EXERCISE INSTRUCTIONS:
Apart from the images, output the data below exactly.

THE DATA:
■ ■ ■ ■ ■
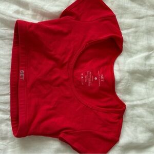Stylish red crop top and leggings set. Perfect for workouts or casual wear.
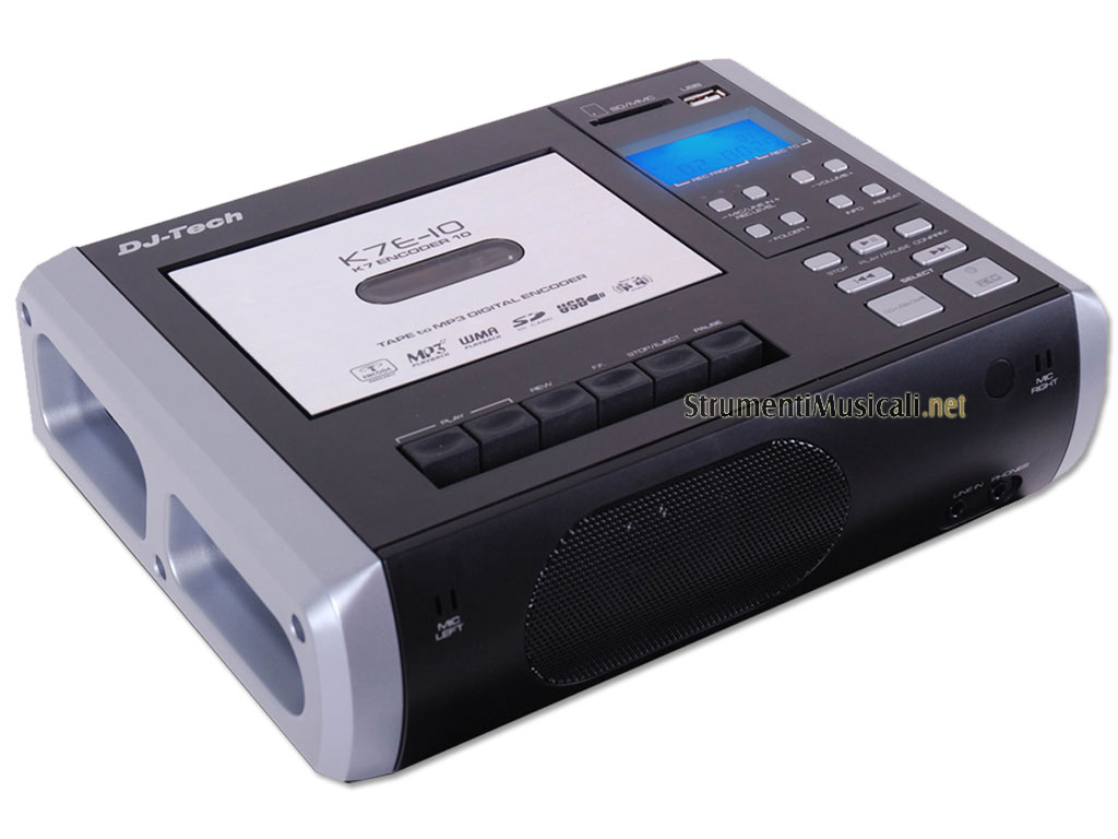 K7 encoder 10 permette di trasformare le vostre raccolte musicali o demo da cassetta in MP3 senza aver bisogno del computer. Grazie all' amplificatore e agli altoparlanti incorporati ascoltate e selezionate i brani da convertire, è possibile selezionare la porta USB o l' SD card per memorizzarli. Inoltre, il microfono incorporato e la LINE IN, permettono di registrare la voce o le vostre perfomances dal vivo.
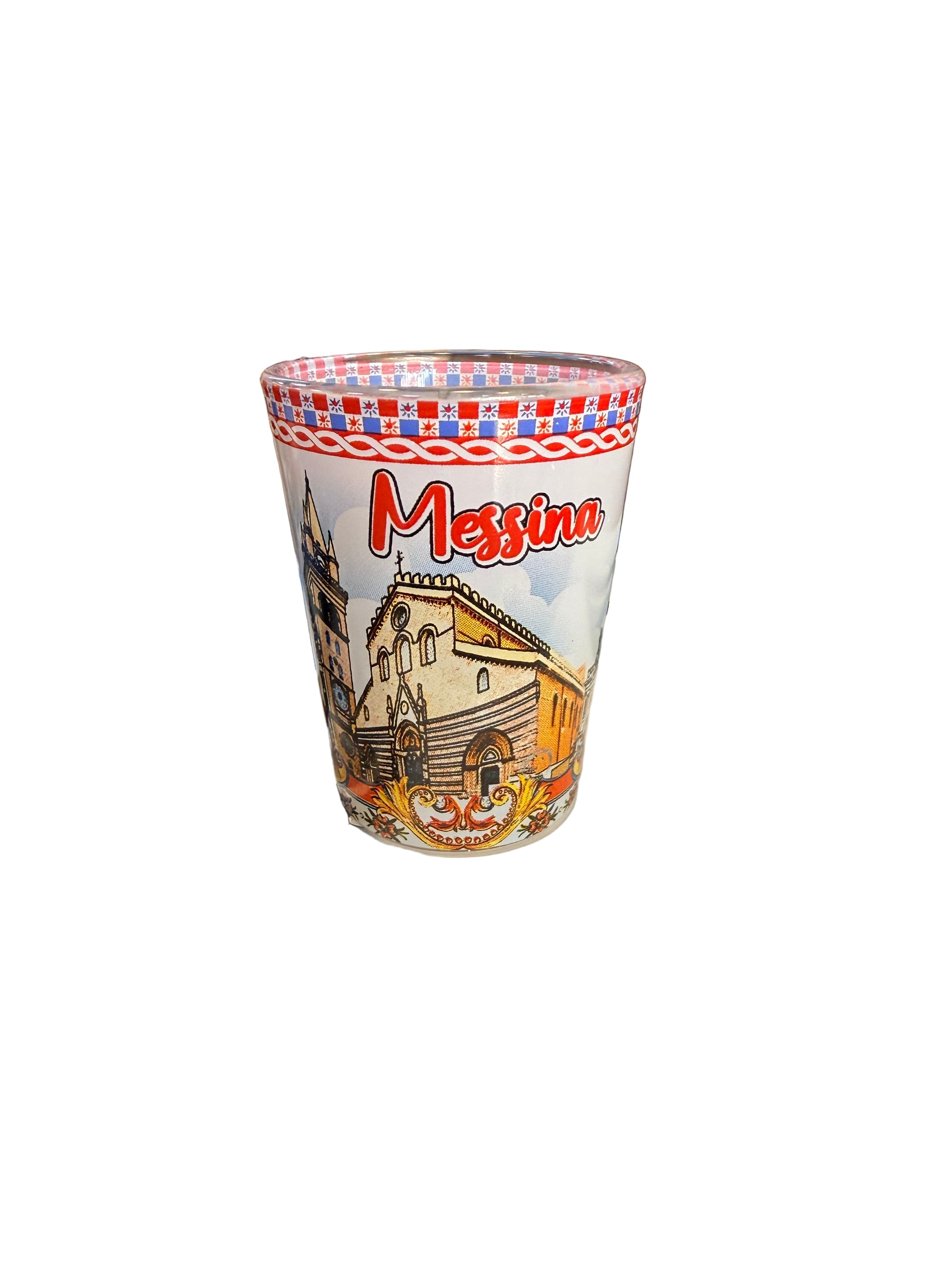 Cada vasito está decorado con motivos inspirados en la cultura siciliana: ánforas coloridas, carro siciliano, flores y detalles barrocos típicos del arte de la isla.
■ ■ ■ ■ ■
WRITTEN SOLUTION:
Stylish red crop top and leggings set. Perfect for workouts or casual wear.
 K7 encoder 10 permette di trasformare le vostre raccolte musicali o demo da cassetta in MP3 senza aver bisogno del computer. Grazie all' amplificatore e agli altoparlanti incorporati ascoltate e selezionate i brani da convertire, è possibile selezionare la porta USB o l' SD card per memorizzarli. Inoltre, il microfono incorporato e la LINE IN, permettono di registrare la voce o le vostre perfomances dal vivo.
 Cada vasito está decorado con motivos inspirados en la cultura siciliana: ánforas coloridas, carro siciliano, flores y detalles barrocos típicos del arte de la isla.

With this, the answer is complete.